Kaf Dağının hemen eteklerindeki ormanların ağzında bir ülkede, aklı oldukça kıt bir padişah yaşarmış. Yaşına, padişahlığına yakışmayan hareketler yapar, herkesi kendine güldürürmüş. Devlet işleriyle hiç uğraşmazmış. Vaktini hep ava gitmekle, eğlenceler tertiplemekle geçirirmiş. Bu eğlencelerin çoğunu da Kaf Dağının eteklerindeki birbirinden güzel ağaçların olduğu ormanların önünde, geniş, yemyeşil çayırlıklarda yaparmış.

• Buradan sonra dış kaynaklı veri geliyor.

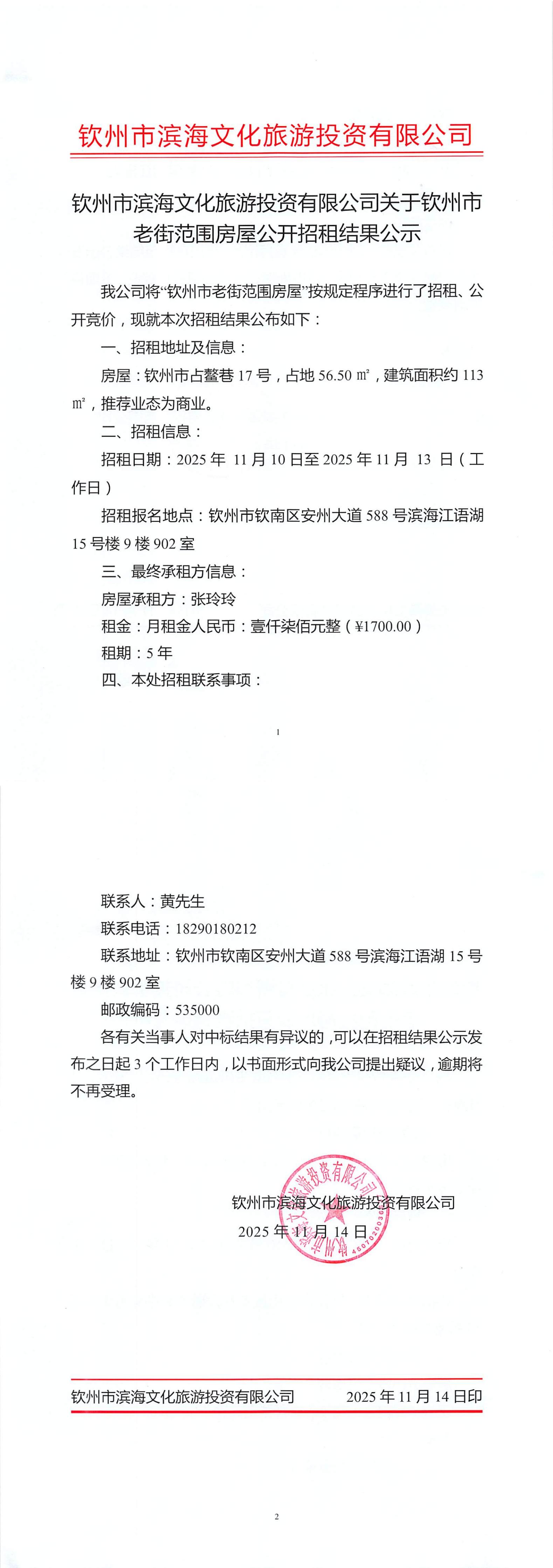 關于欽州市老街范圍房屋公開招租結果公示(占鰲巷17號)
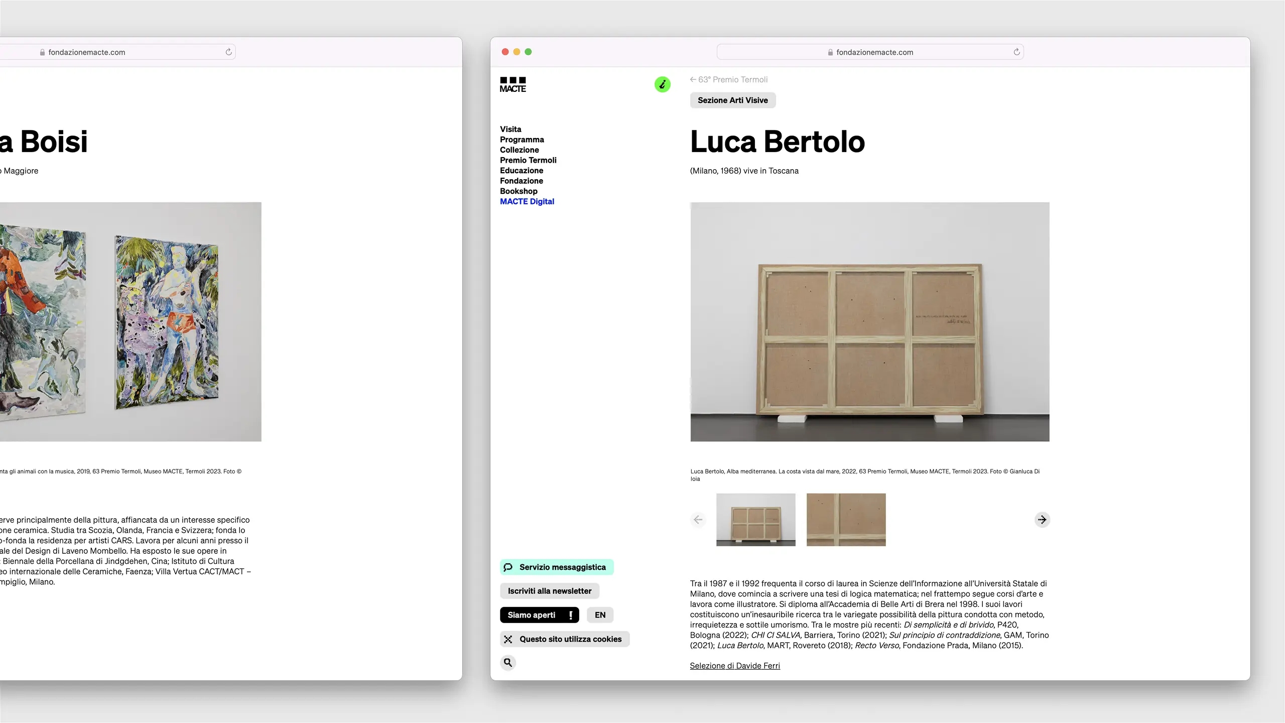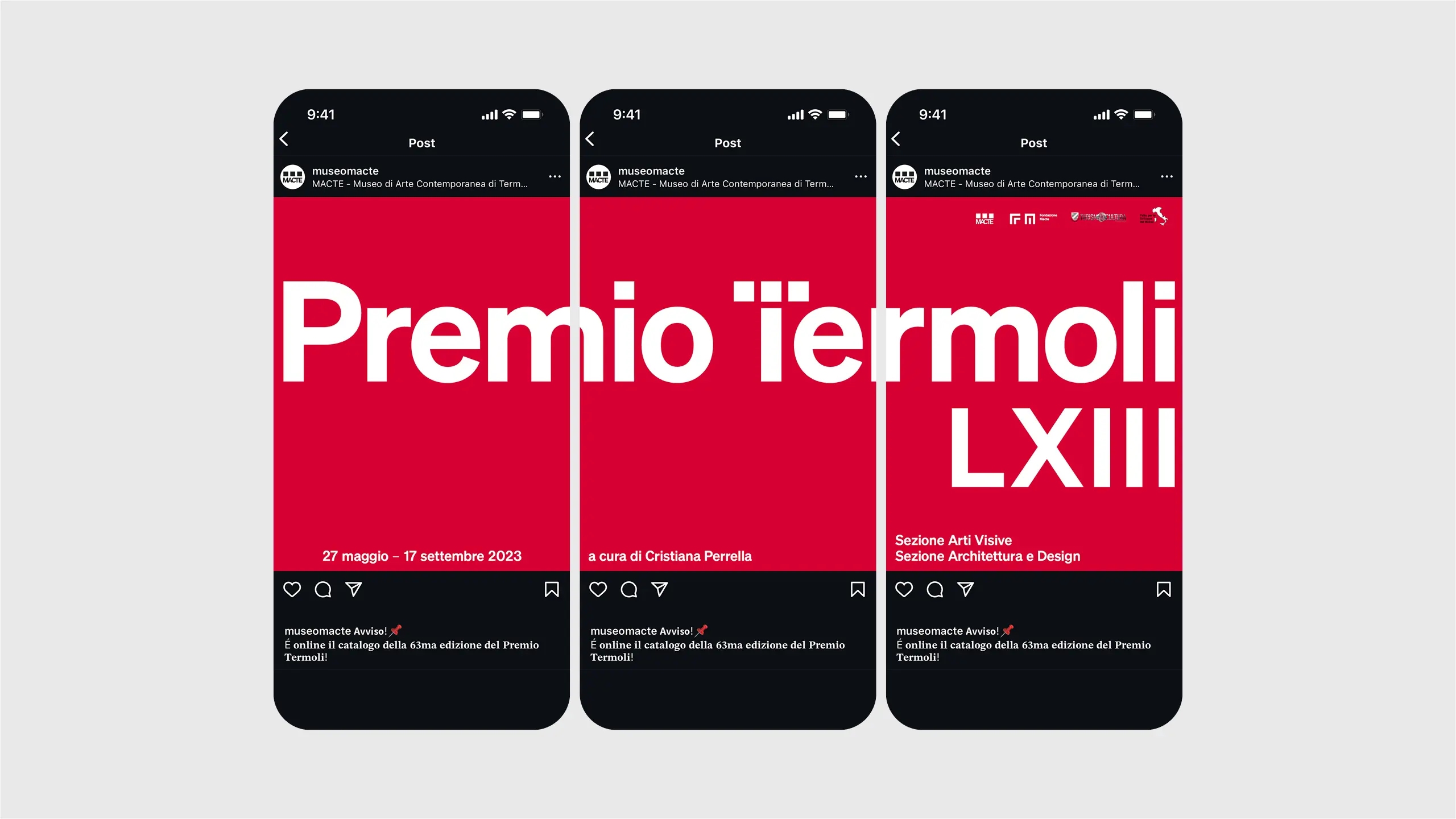 Sezione Grafica ha curato il design del catalogo del 63° Premio Termoli, un catalogo digitale che presenta opere e progetti selezionati per questa edizione del Premio. Il volume è diviso in due sezioni, la Sezione Arti Visive e la Sezione Architettura, ed è scaricabile dal sito di fondazione MACTE dove è possibile trovare anche una sezione dedicata al catalogo con ulteriori contenuti.
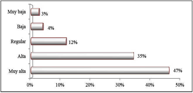 Los resultados obtenidos en el estudio muestran que, en cuanto a la percepción de la libertad para relacionarse socialmente, en promedio los latinoamericanos en Madrid reportaron 7.8 en la escala cero a diez, lo cual corresponde a un nivel “alto”; sin embargo, en un análisis más detallado se observa que 47 por ciento de la muestra, percibe como “muy alta” su libertad para relacionarse socialmente (Figura 8).
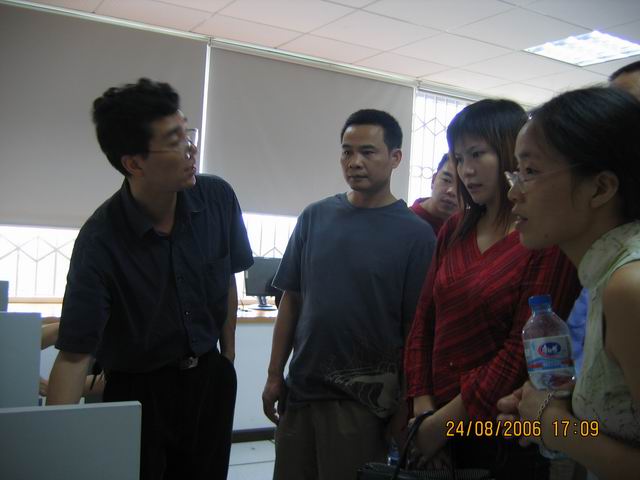 8月24日下午,在校装备处负责老师的带队下,参加2006年全国高校实验室和实验教学管理高级研修班的学员来到我校“323实验室工程”——大学生心理测评实验室,进行了参观学习。
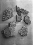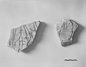| Description: | Fragment of a wing in low relief from a statue of a winged Nike. The thin slab, dressed smooth at the back with a toothed chisel, is broken all around. Part of one large wing feather, and the tip of a smaller one, rounded and overlapping another similar feather, remain. The relief is very low, sharp-edged, and indifferently finished. Pentelic marble. | |
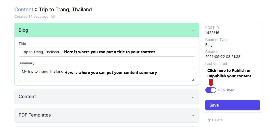 Here is an explanation about what each panel in the blog means, how to publish and unpublish.
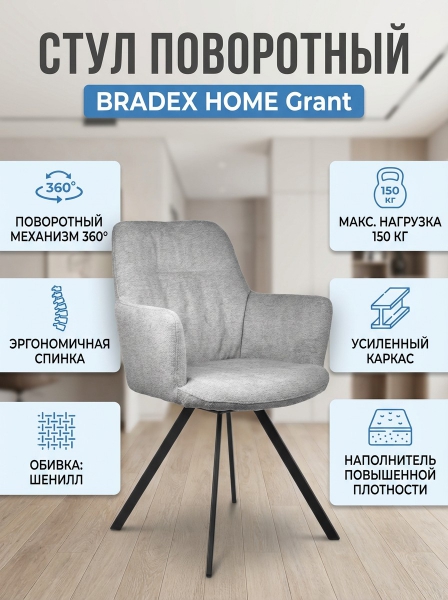 Стул на поворотном механизме BRADEX HOME Grant шенилл - Преимущества
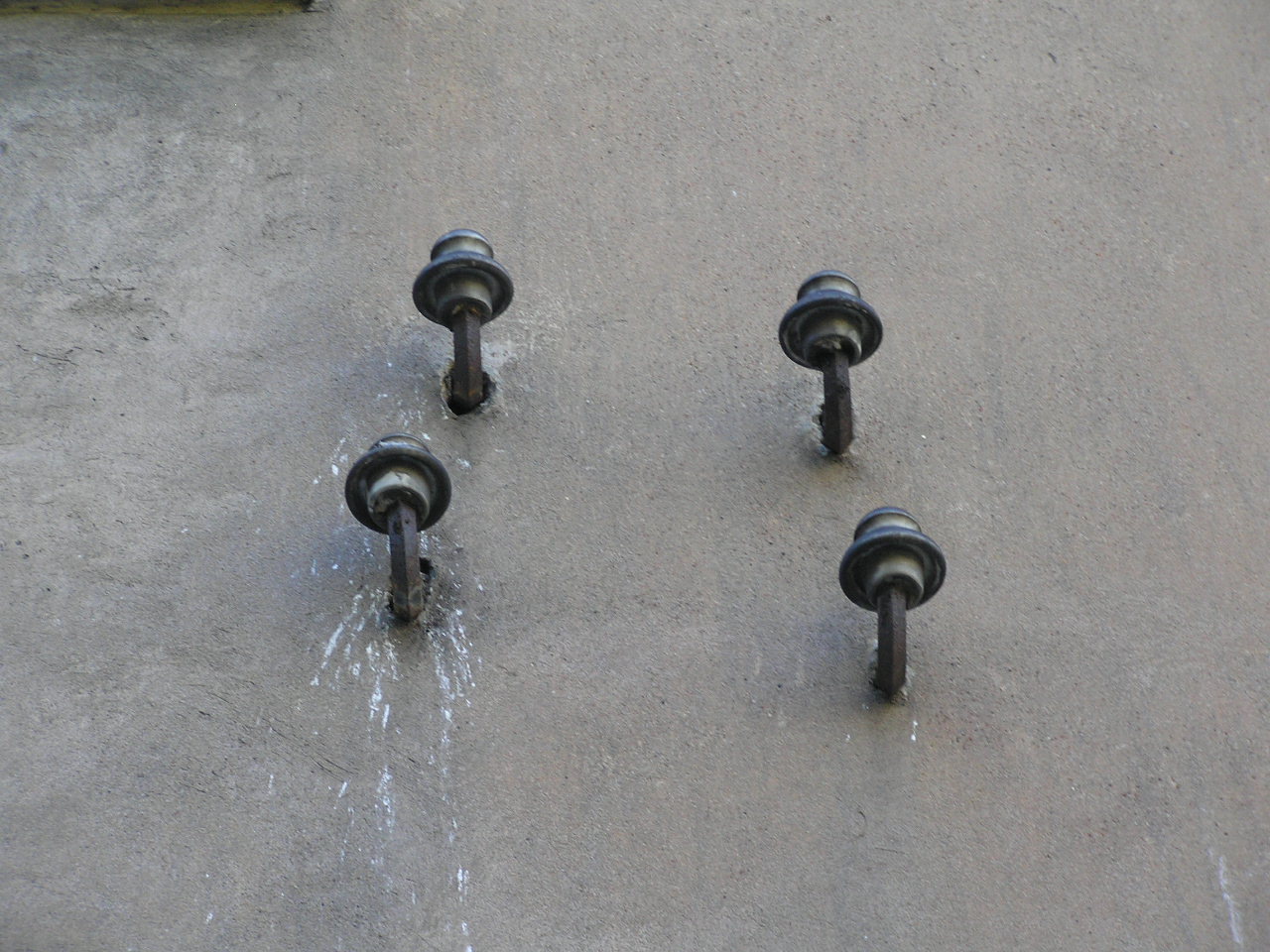 Izolatory na ścianie budynku przy ulicy Międzyborskiej 78 na Grochowie

Bu padişahın üç oğlu varmış. Günlerden bir gün, üç oğlunu da yanına çağırmış, onlara “Söyleyin bakayım” diye sormuş, “beni ne kadar seviyorsunuz?”
Babalarının böyle tuhaf hallerine alışık olan şehzadeler, onun bu sorusunu hiç yadırgamamışlar. Onun, sorduğu bir şeye karşılık verilmediği zaman ne kadar kızdığını da bilirlermiş. Önce en büyük şehzade cevap vererek “Babacığım,” demiş, “seni altın kadar, elmas kadar, pırlanta kadar seviyorum.” Çünkü büyük şehzade parlak taşlara çok meraklı ve düşkünmüş.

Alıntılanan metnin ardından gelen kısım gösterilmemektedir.